Credo che in questa fase storica, le persone, soprattutto in Italia, sentano fortemente problematica la possibilità di partecipare ad iniziative comuni per realizzare dei cambiamenti. La sfida principale della progettazione sociale si gioca qui: sarà uno strumento di emancipazione, che facilita il coinvolgimento, o sarà un’ulteriore forma di potere e di esclusione?

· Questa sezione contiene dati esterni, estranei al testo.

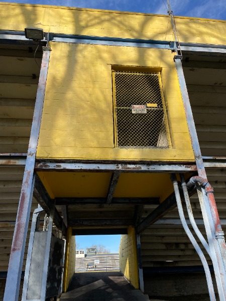 The scope of the project included a variety of surfaces across the stadium: railings, concrete block walls, steel beams, lintels, the press box and its doors, garage and concession stand doors, and window frames.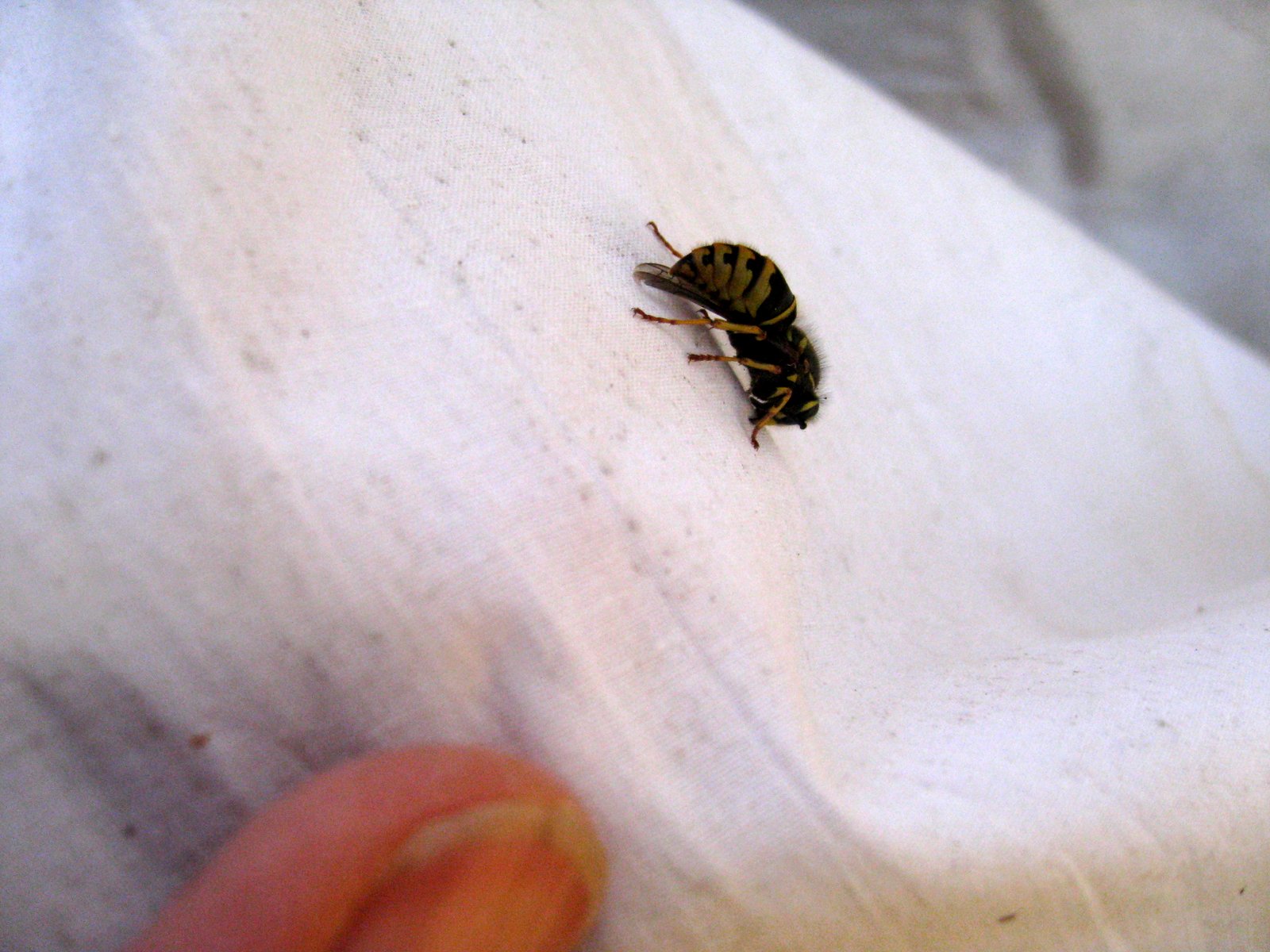 While working on the sheet I disturbed the wildlife. I liked it when spiders ran over my fingers - I felt connected. But I was not keen on connecting with wasps hibernating in this new condo they had found. They hung on by their mouths and made low slow buzzing noises when I moved the sheet. I was pleased when they decided to relocate.

Ogni azione ed ogni pratica professionale può essere direzionata a dare potere alle persone, o a passivizzarle. Pensiamo alla cosiddetta “analisi dei fabbisogni”: possiamo intenderla come semplice rilevazione dei problemi di un certo target (che in questo modo è quasi oggettivato), o come occasione per ascoltare, coinvolgere, innovare le iniziative insieme a chi vive una situazione di difficoltà. Ovviamente, quanto più progetteremo con attenzione ai soli dati ed agli indicatori, quanto meno sarà facile essere attenti alle persone, nella loro individualità e nei loro vissuti. 

Ci diresti 3 cose per cui la Progettazione Sociale è importante? 

Per aiutare chi vuole migliorare la società ad essere efficace, per dare senso e efficacia ai finanziamenti pubblici, per promuovere il ruolo e la credibilità dell’impegno sociale e solidaristico.